TRY IT.
From top to bottom, write out the listing exactly and skip every picture.

RECORDS SHOWN.

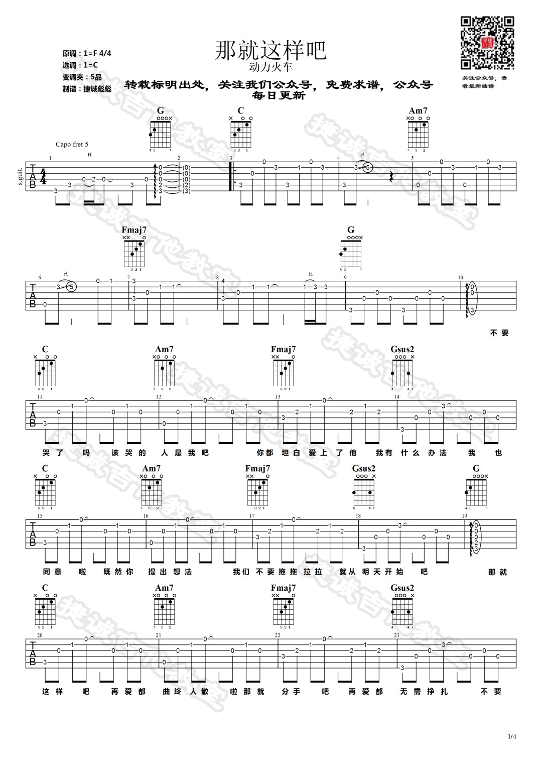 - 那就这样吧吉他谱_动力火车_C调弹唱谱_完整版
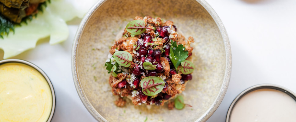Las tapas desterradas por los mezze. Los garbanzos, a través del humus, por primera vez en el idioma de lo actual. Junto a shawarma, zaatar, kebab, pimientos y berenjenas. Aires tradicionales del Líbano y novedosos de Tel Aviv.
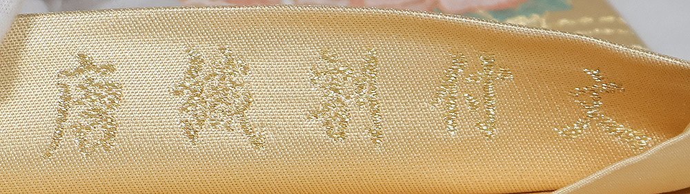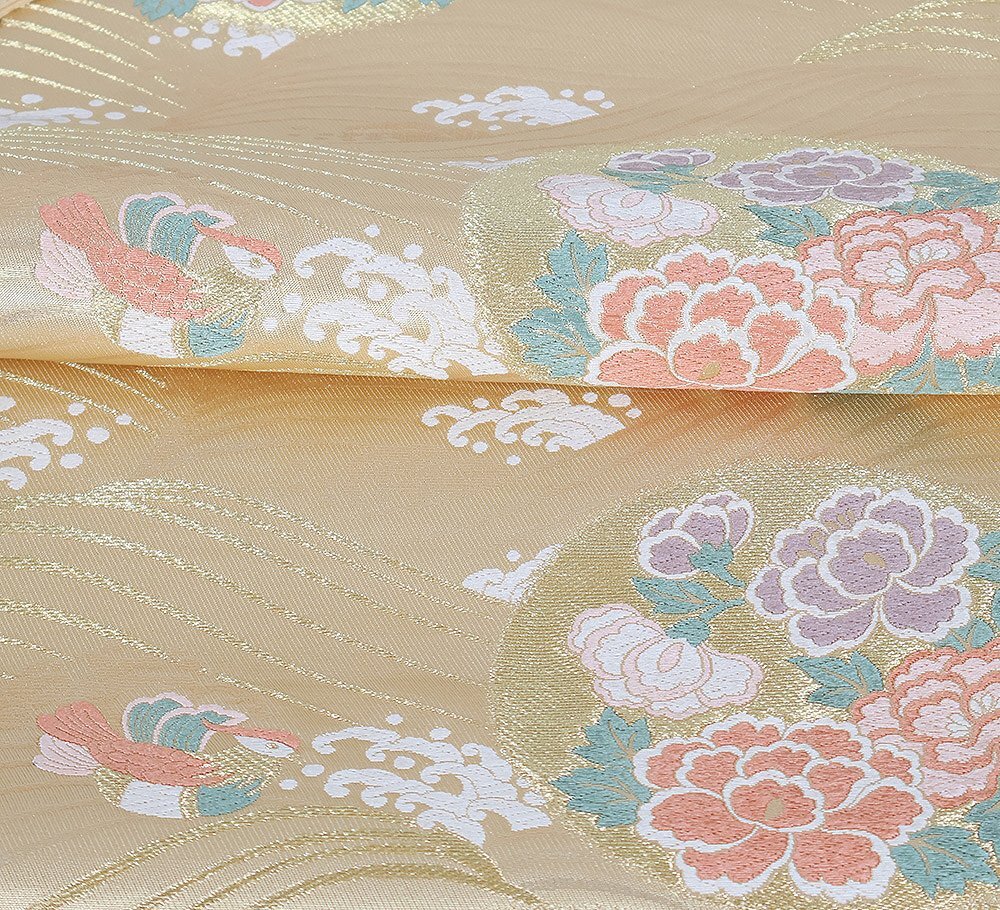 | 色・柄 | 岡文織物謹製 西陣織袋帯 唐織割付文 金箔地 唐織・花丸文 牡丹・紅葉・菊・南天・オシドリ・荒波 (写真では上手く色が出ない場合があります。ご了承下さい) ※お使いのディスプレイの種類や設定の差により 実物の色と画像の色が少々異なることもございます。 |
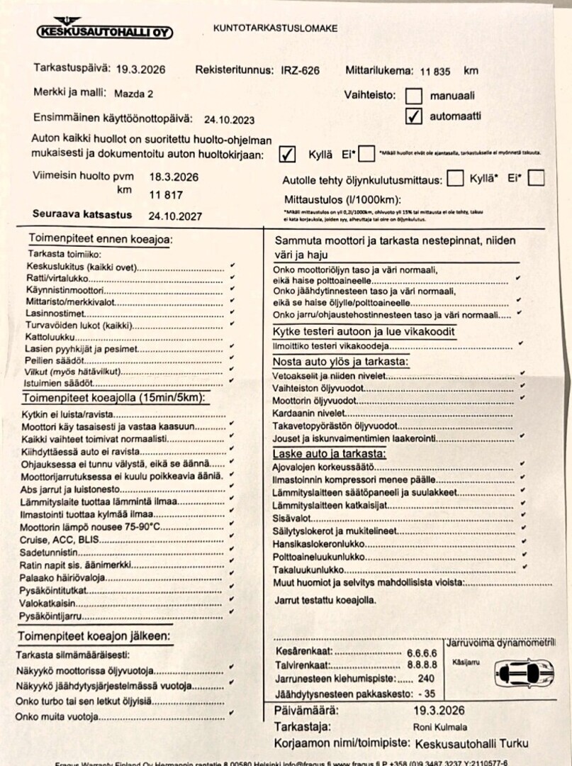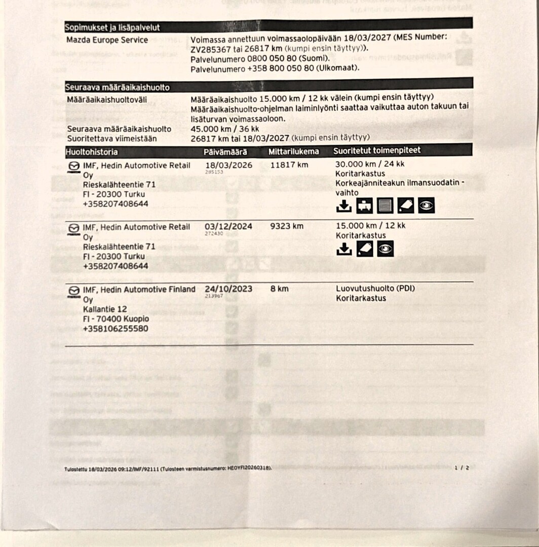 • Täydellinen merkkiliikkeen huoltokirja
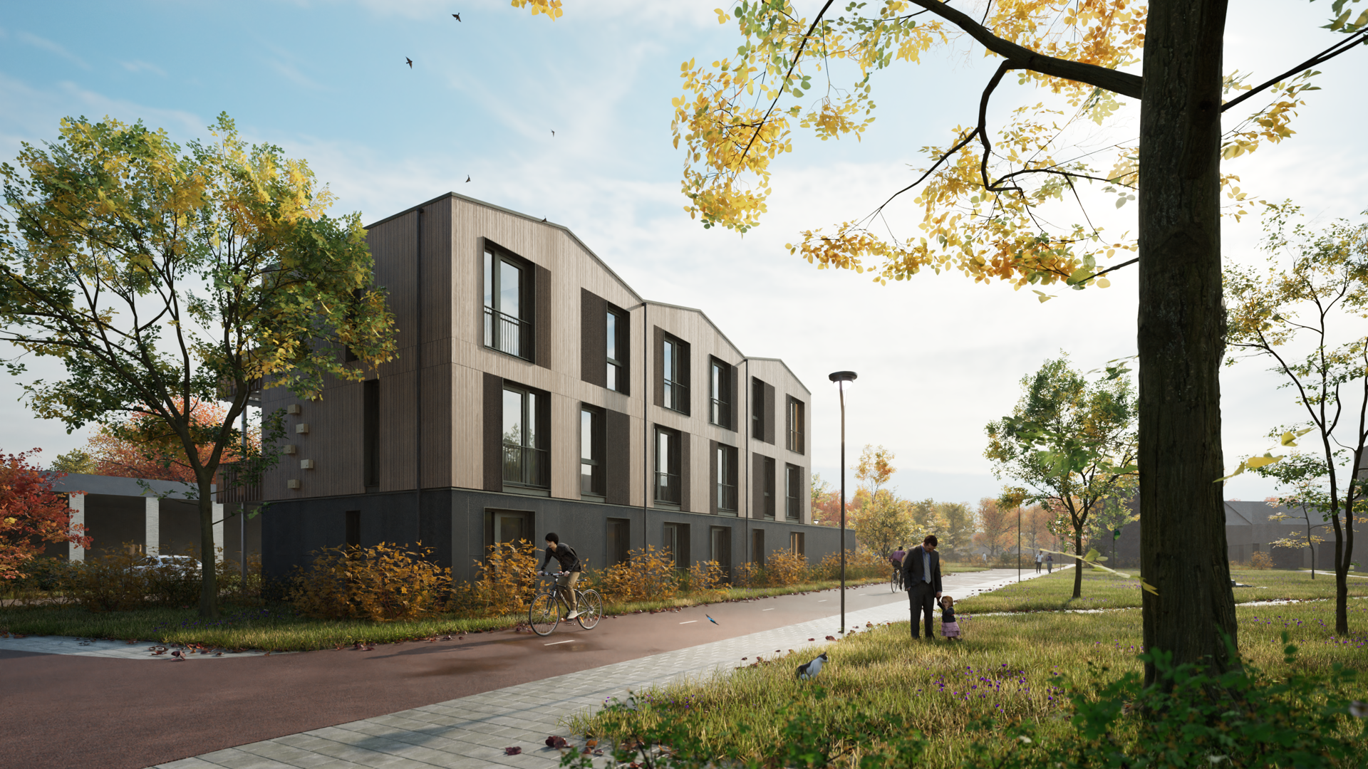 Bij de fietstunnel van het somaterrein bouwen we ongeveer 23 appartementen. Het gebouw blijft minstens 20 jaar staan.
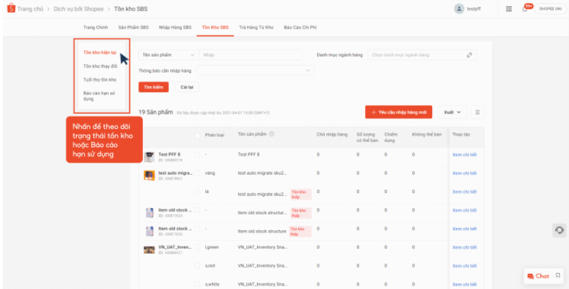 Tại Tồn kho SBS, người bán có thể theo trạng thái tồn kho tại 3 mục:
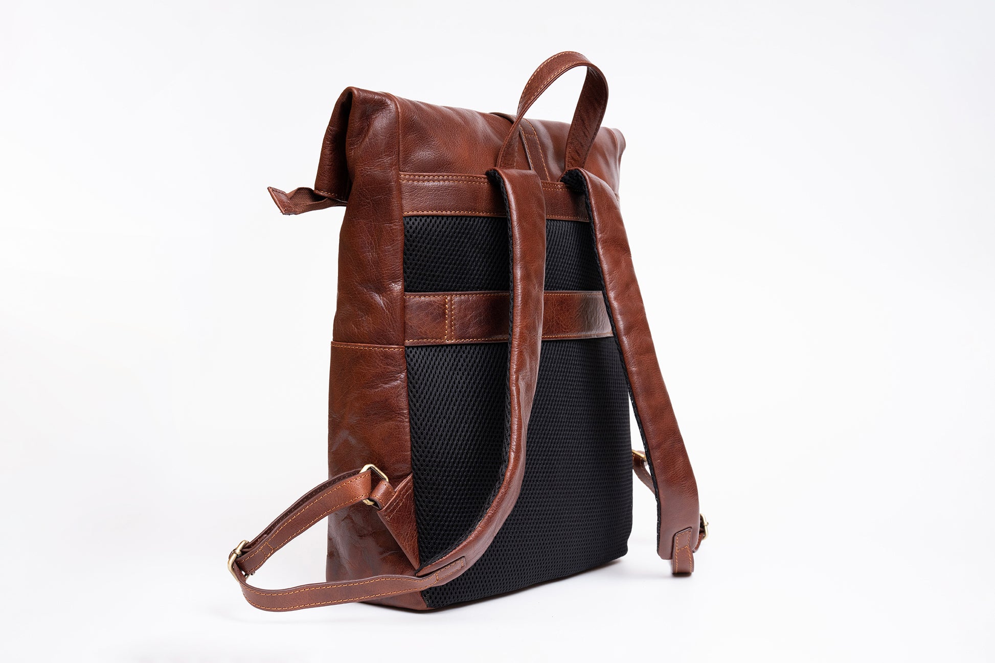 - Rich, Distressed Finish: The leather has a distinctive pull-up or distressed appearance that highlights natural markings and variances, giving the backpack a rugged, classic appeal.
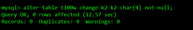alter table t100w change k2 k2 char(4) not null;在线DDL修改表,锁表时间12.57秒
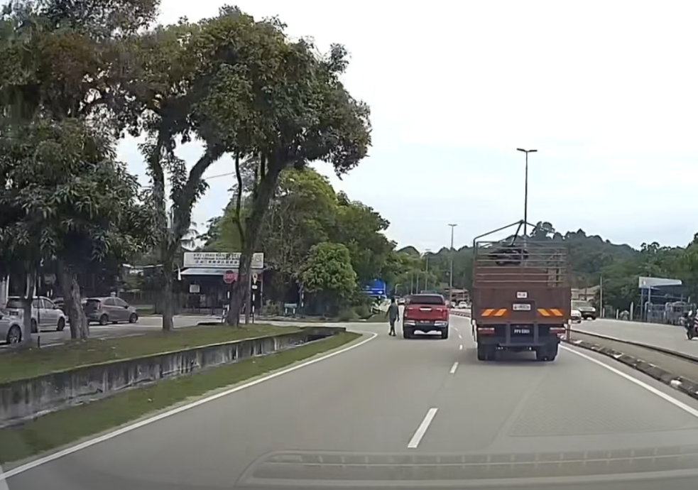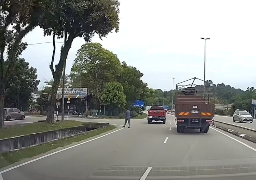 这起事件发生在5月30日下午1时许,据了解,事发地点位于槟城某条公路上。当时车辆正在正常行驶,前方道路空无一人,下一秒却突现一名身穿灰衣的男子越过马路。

EXERCISE SOLUTION.
 - 那就这样吧吉他谱_动力火车_C调弹唱谱_完整版
Las tapas desterradas por los mezze. Los garbanzos, a través del humus, por primera vez en el idioma de lo actual. Junto a shawarma, zaatar, kebab, pimientos y berenjenas. Aires tradicionales del Líbano y novedosos de Tel Aviv.
 | 色・柄 | 岡文織物謹製 西陣織袋帯 唐織割付文 金箔地 唐織・花丸文 牡丹・紅葉・菊・南天・オシドリ・荒波 (写真では上手く色が出ない場合があります。ご了承下さい) ※お使いのディスプレイの種類や設定の差により 実物の色と画像の色が少々異なることもございます。 |
 • Täydellinen merkkiliikkeen huoltokirja
 Bij de fietstunnel van het somaterrein bouwen we ongeveer 23 appartementen. Het gebouw blijft minstens 20 jaar staan.
 Tại Tồn kho SBS, người bán có thể theo trạng thái tồn kho tại 3 mục:
 - Rich, Distressed Finish: The leather has a distinctive pull-up or distressed appearance that highlights natural markings and variances, giving the backpack a rugged, classic appeal.
alter table t100w change k2 k2 char(4) not null;在线DDL修改表,锁表时间12.57秒
 这起事件发生在5月30日下午1时许,据了解,事发地点位于槟城某条公路上。当时车辆正在正常行驶,前方道路空无一人,下一秒却突现一名身穿灰衣的男子越过马路。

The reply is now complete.